▸ **Work item**
Please restate word for word the lines of the entries below from the one with "2014: Se hizo" to the one with "zasilających i powrotnych", inclusive, and leave out every picture.

▸ **Task data**

%%

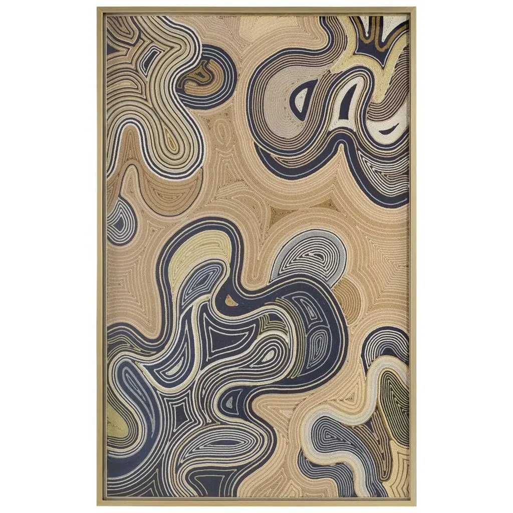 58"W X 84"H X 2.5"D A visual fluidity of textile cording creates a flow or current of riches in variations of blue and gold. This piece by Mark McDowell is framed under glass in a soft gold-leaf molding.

%%
%%

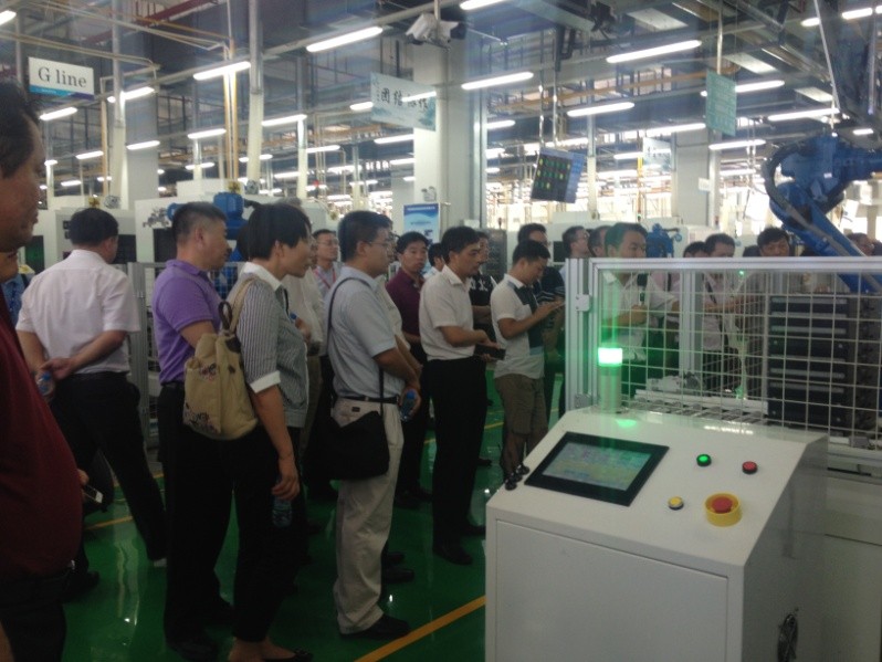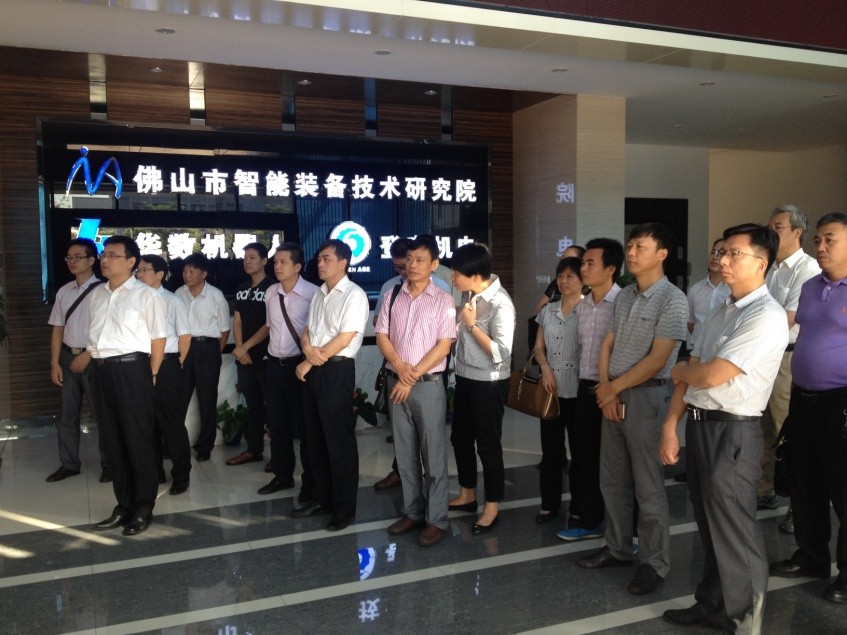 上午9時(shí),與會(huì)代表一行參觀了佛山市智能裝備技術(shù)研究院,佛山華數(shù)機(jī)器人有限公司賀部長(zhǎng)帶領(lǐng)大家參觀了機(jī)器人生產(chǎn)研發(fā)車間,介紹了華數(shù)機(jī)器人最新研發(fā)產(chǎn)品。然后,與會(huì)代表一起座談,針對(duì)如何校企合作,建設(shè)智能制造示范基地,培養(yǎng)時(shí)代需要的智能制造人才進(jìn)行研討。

%%
%%

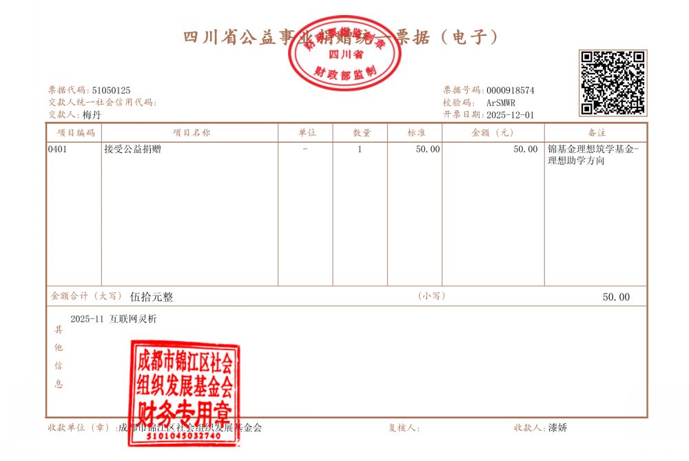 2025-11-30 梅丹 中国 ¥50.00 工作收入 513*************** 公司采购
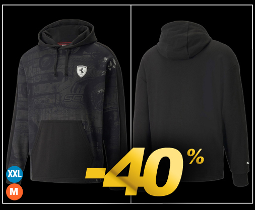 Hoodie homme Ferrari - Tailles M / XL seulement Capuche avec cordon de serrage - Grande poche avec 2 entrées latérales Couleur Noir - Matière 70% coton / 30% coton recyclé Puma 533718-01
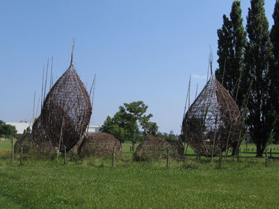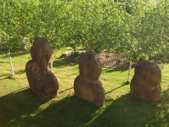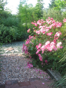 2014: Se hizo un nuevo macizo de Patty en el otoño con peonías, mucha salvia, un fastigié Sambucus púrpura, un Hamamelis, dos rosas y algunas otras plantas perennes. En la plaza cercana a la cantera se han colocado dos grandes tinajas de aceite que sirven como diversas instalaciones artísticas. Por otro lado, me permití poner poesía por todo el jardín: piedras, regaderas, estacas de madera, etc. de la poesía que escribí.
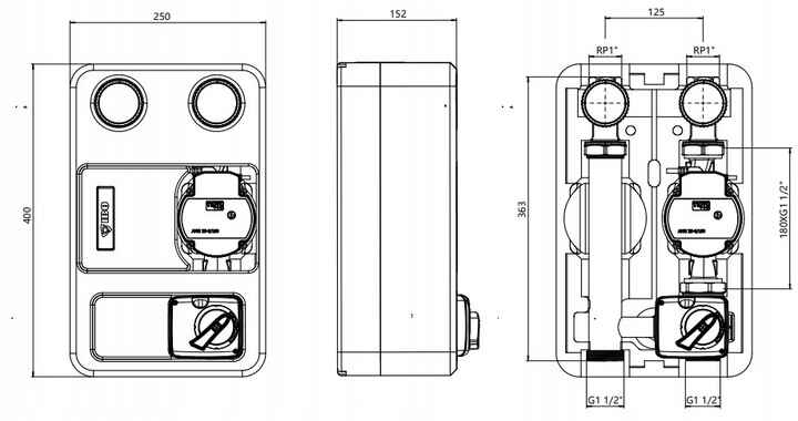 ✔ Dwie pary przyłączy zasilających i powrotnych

%%

▸ **Result of this exercise**
 2014: Se hizo un nuevo macizo de Patty en el otoño con peonías, mucha salvia, un fastigié Sambucus púrpura, un Hamamelis, dos rosas y algunas otras plantas perennes. En la plaza cercana a la cantera se han colocado dos grandes tinajas de aceite que sirven como diversas instalaciones artísticas. Por otro lado, me permití poner poesía por todo el jardín: piedras, regaderas, estacas de madera, etc. de la poesía que escribí.
 ✔ Dwie pary przyłączy zasilających i powrotnych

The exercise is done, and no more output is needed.